Dataset items:
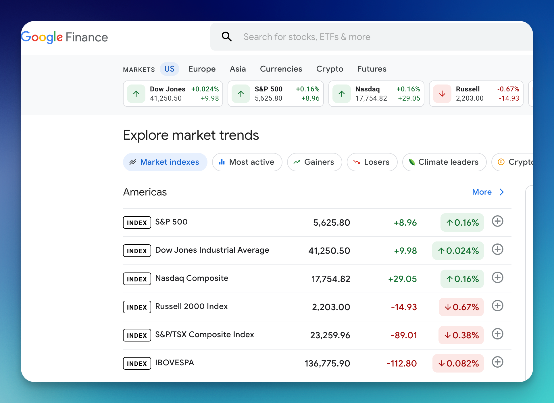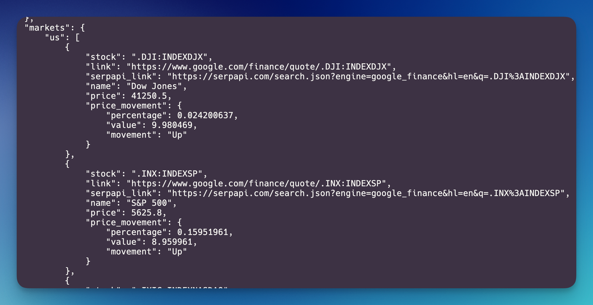SerpApi also provides the API for current market trends from this page: https://www.google.com/finance/markets/indexes?hl=en. We can use Google Finance Markets API for this.
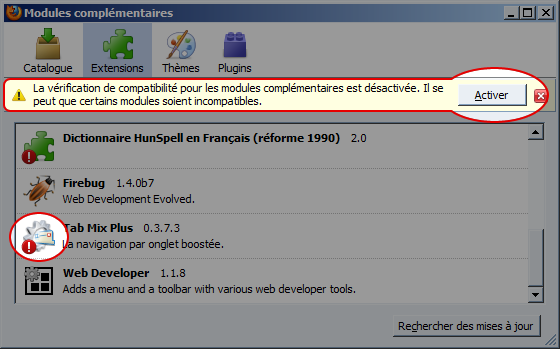 - et une alerte vous permet de réactiver la vérification de compatibilité ... quand vos extension auront été mises à jour par exemple.
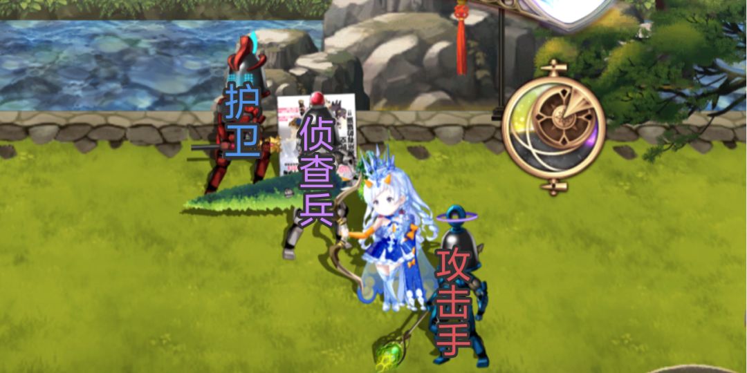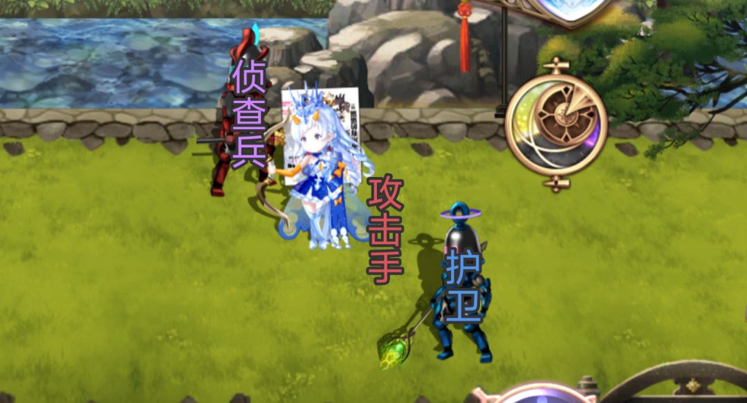 ①当前卫有4名角色时,从雪乃开始,从右往左依次为:雪乃【攻击手】【护卫】【侦查兵】
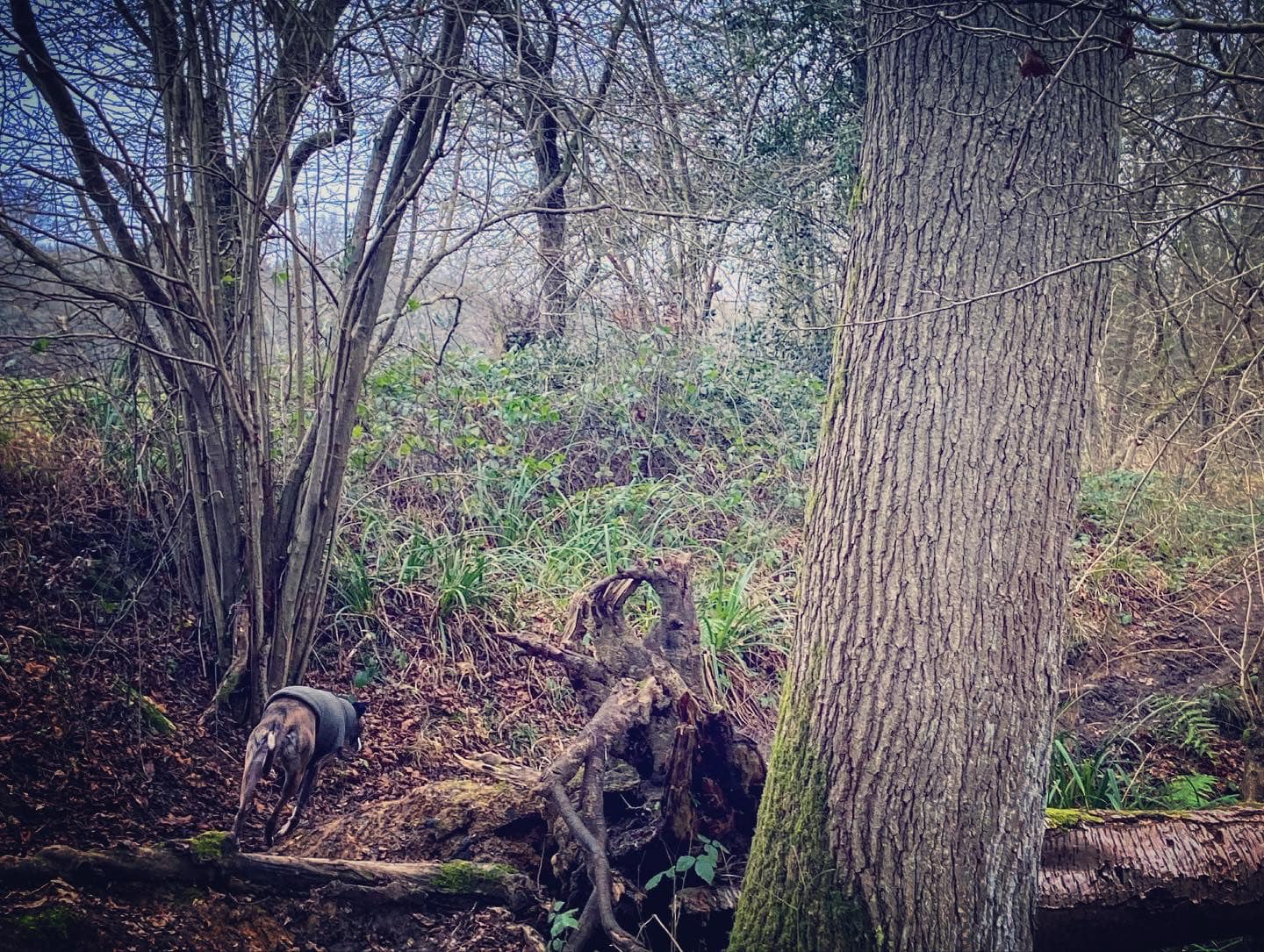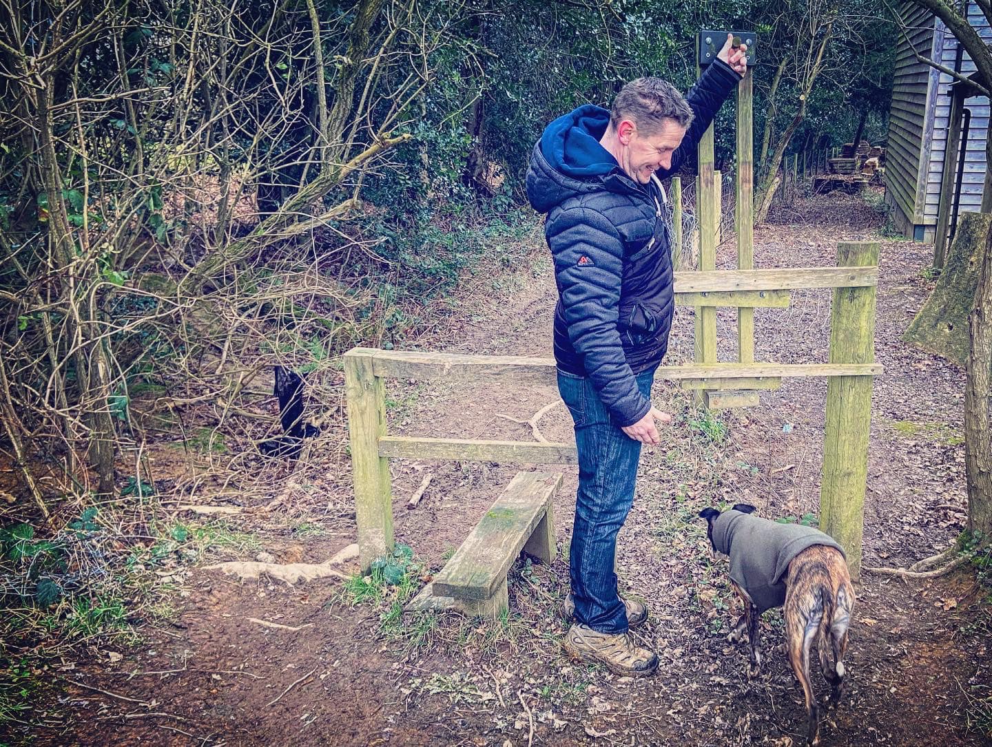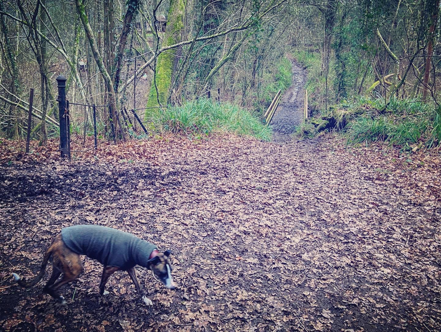 Take care going around the fallen tree. Pass another sign for Vann Lake (on your right) and then a bizarre little stretch of low wall which runs a very short way along the right hand side of the path. Take care going over another fallen tree. The path goes very close to the lake edge for a bit – mind your footing on the tree roots of a few trees that it goes over. The path will rise up at a fallen tree (on the right) and there is a fork. It doesn’t matter which fork you take here – the one down to the right is muddier and has tree roots to navigate and the one to the left stays high but then has a short but steep dip down. They converge at a little wooden bridge. Cross the bridge and go up the steps – it can be extremely muddy here.
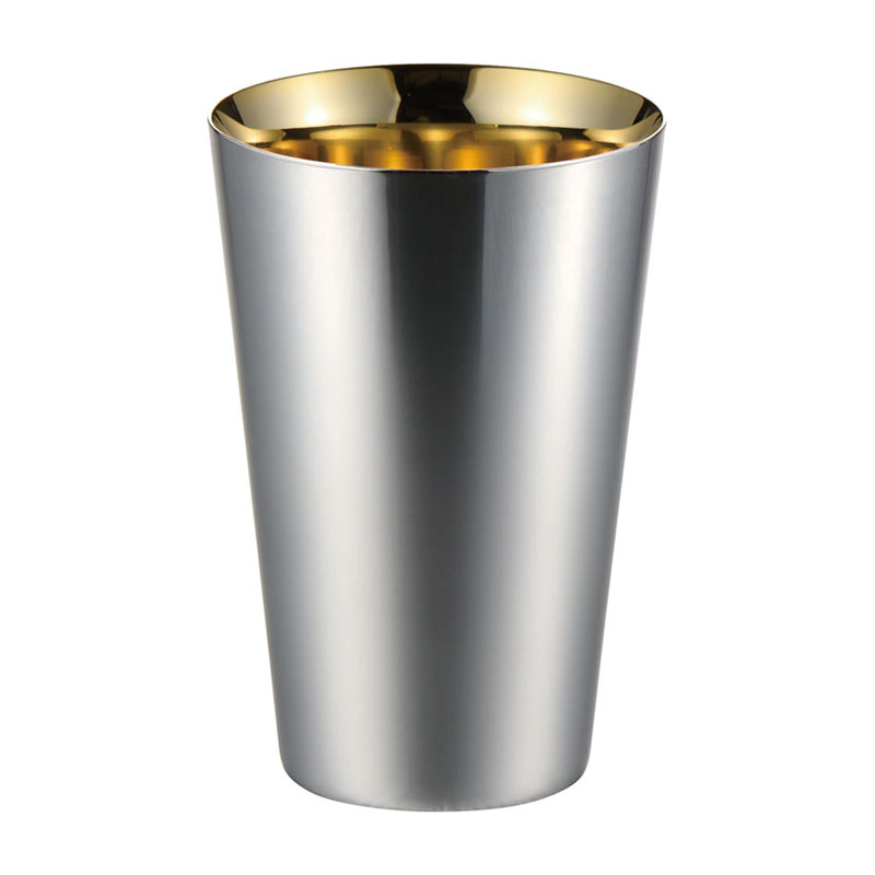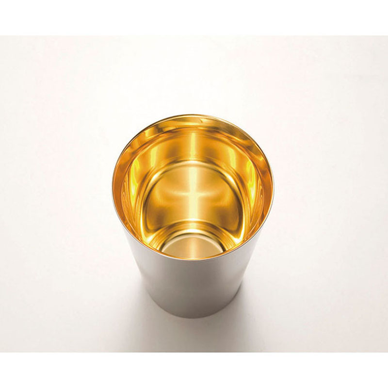 18-8ステンレス(二重構造)、内面:金メッキ(24K)、外面:部分ブラスト加工

__TASK DESCRIPTION__:
Exact reproduction of the entries above is required, with pictures excluded.

__EXERCISE OUTPUT__:
SerpApi also provides the API for current market trends from this page: https://www.google.com/finance/markets/indexes?hl=en. We can use Google Finance Markets API for this.
 - et une alerte vous permet de réactiver la vérification de compatibilité ... quand vos extension auront été mises à jour par exemple.
 ①当前卫有4名角色时,从雪乃开始,从右往左依次为:雪乃【攻击手】【护卫】【侦查兵】
 Take care going around the fallen tree. Pass another sign for Vann Lake (on your right) and then a bizarre little stretch of low wall which runs a very short way along the right hand side of the path. Take care going over another fallen tree. The path goes very close to the lake edge for a bit – mind your footing on the tree roots of a few trees that it goes over. The path will rise up at a fallen tree (on the right) and there is a fork. It doesn’t matter which fork you take here – the one down to the right is muddier and has tree roots to navigate and the one to the left stays high but then has a short but steep dip down. They converge at a little wooden bridge. Cross the bridge and go up the steps – it can be extremely muddy here.
 18-8ステンレス(二重構造)、内面:金メッキ(24K)、外面:部分ブラスト加工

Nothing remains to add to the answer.